PACE — or property assessed clean energy — is a program that lets certain property owners obtain long-term loans for projects relating to water conservation, energy efficiency and clean energy. Examples can include solar panel installation, high-efficiency heating and more.
Supervisor Patrick Miles of McFarland recently brought a PACE resolution to a meeting of the board. It will need to be reviewed by two committees before going to the board for final approval.
“PACE is an excellent example of the role government plays in making lasting, positive change,” said Miles. “PACE, at the same time, promotes economic development and creates jobs while improving the air we breathe and conserving valuable water resources in the county.”
Miles says a committee on environment, agriculture and natural resources will review the proposal Thursday, while a committee on personnel and finance will take a look June 5. He added he would be surprised if there is any opposition.
“The PACE financing approach is an interesting tool for the county. We can basically lower risk for lenders and keep the cost down, but we don’t end up putting any taxpayer money on the line,” Miles explained. “I expect it will get back for final adoption by our June 15 board meeting.”
Over 24 Wisconsin counties and 30 states nationwide are using this funding tool, which was established in Wisconsin in 2011 by the state Legislature. The PACE Statute lets “political subdivisions” — counties, cities, towns and villages — impose a special charge through a property lien to secure loans for these clean energy projects.

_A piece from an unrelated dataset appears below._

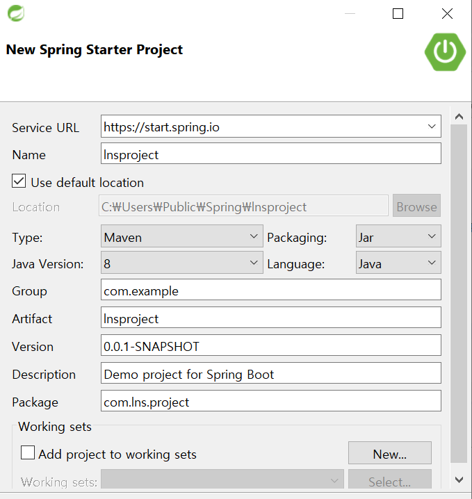 Type : maven (Gradle 이나 다른건 자기 마음)

The program has so far focused only on commercial buildings, including office, industrial and multi-family housing with five or more units. But Miles says it could be expanded to residential property owners as well.
“Dane County is a proven leader in both environmental sustainability and economic development,” said County Board Chair Sharon Corrigan. “Developing a PACE program here gives property owners yet another tool to finance cutting-edge projects that create jobs and add to the tax base while saving energy.”

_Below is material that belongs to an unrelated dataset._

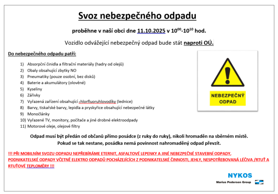 Úvod > Dění v obci > Aktuality > Svoz nebezpečného odpadu

The Wisconsin PACE Commission oversees the program at the state level, with support from Wisconsin Counties Association, the League of Wisconsin Municipalities, and Green Tier Legacy Communities. Environmental advocacy groups like RENEW Wisconsin, Sierra Club, and Clean Wisconsin have expressed support for the program.
“We want to achieve sustainability goals through this, that aren’t just financial goals,” Miles told WisBusiness.com. “The need to improve our impact on the environment is ever-increasing, so any way we can motivate clean energy and water conservation, I think we should do it.”
Though PACE is a nationally organized effort, local governments have established programs through their state’s legislation, which varies region-to-region. No matter where it is implemented, a PACE program can cover all hard and soft costs for an eligible project, and offer financing terms of up to 20 years.
It’s a voluntary program for anyone who wants to get involved, and any energy projects supported through the program are permanently linked to a property.